Le « lesbianisme radical » fut fort présent dans le MLF. Il s’exprima dans le courant « essentialiste » comme dans le courant « matérialiste » [4], mais dans chacun des deux cas en y tenant une sorte de place à part puisque ses adeptes se situaient à l’exacte intersection du MLF et du Front homosexuel d’action révolutionnaire (FHAR) – dont certaines avaient même été à l’origine, avant de le quitter pour rejoindre le MLF, sous l’appellation des Gouines rouges, mais en non-mixité, ce qui déplut beaucoup.


Pour Vanina, ce sont clairement les années 1980, années fatales il est vrai, qui font tournant. Pour des raisons faciles à comprendre, et effectives en bien des cas : la fin desdites Trente Glorieuses, la récupération politique de la question féminine, la montée du politiquement correct et de l’individualisme, l’épidémie de sida, le triomphe médiatico-politique de l’idéologie néo-libérale. À cela, nous dit Vanina, il faut ajouter l’émergence d’« un nouveau courant de pensée, le postmodernisme », qui a puissamment renforcé et légitimé ce changement de cap. C’est là le point central de cet ouvrage : démontrer en quoi et comment la déconstruction
opérationnelle du postmodernisme a joué en faveur du capitalisme néolibéralisé en démontant toute prétention critique totalisante, toute universalisation des valeurs, tout établissement rationnel de vérités objectives.

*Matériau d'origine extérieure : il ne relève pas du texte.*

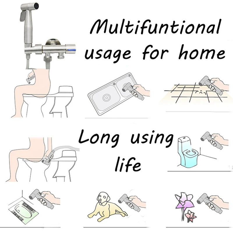 3M Tömlő Kézzel Tartott Wc -Bidet Permetező Pisztoly Rozsdamentes Acél Fürdőszoba Anya Duzzsa Tisztító Csaptelep Segg Zuhany Kiegészítők
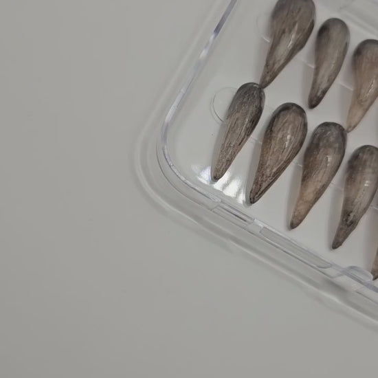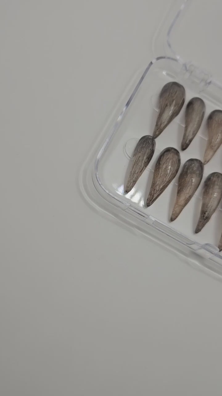 These nails are made using stiletto tips to build from. Stiletto tips in the length of your choice will be sent out for sizing. Please note the shorter the nail length, the stubbier/wider the claw. Xl Claws will be very long and slim.

Fondé sur un retour au plus ancien idéalisme philosophique, cet antimatérialisme étatsunien largement inspiré des French Theorists Foucault, Derrida et Lyotard a commencé d’ouvrir un champ infini à la destruction méthodique d’anciens concepts marxiens comme celui d’ « aliénation » ou de « réification » au prétexte qu’ils participeraient d’une vision globale de l’Histoire conduisant au totalitarisme. Au même titre que l’humanisme de la Renaissance ou les Lumières du XVIIIe siècle anti-obscurantistes.

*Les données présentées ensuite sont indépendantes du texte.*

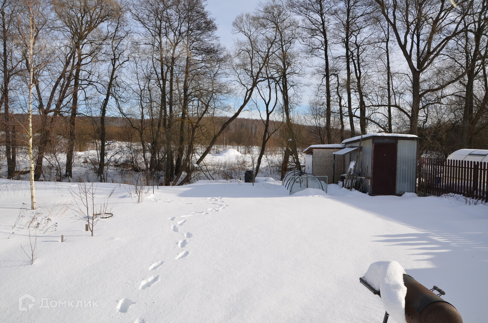 Участок крайний, расположен на берегу речки Крапивни. Из окон и с веранды открывается вид на поле и лес. На участке высажены молодые плодовые деревья, кустарники, виноград, есть небольшой огород и хозблок.

Par un étrange retournement de la philosophie, il ne s’agissait plus, à partir de là, de comprendre le monde pour le transformer, mais de le cantonner à une archipellisation d’identités démultipliables, toutes vécues dans une relativité générale. Vendu comme progressiste, ce qu’il est sans doute, le postmodernisme philosophique est d’abord la théorie du capitalisme néolibéralisé à son stade actuel de déconstruction finale des liens sociaux et sociétaux. Quand on admet que la guerre tribaliste de tous et toutes contre toutes et tous est au cœur du projet capitaliste néolibéral, on comprend en quoi les Gender Studies le servent en lui offrant des possibilités infinies de démultiplication de ses parts de marché (blacks, women, gays, subalterns, queers et +++). Enfermées dans leur pré-carré existentiel et réduites à n’être que des lobbys affairés à conquérir leurs droits, ces « identités particulières » survalorisées par le postmodernisme philosophique constituent, pour des raisons évidentes, autant de cibles de choix pour le marché. Désormais, c’est chacune-chacun sa gueule et le capital pour tous. En visibilisant les invisibles, il participe de la valorisation de la diversité, mais surtout de ses marges financières, ce qu’il sait faire.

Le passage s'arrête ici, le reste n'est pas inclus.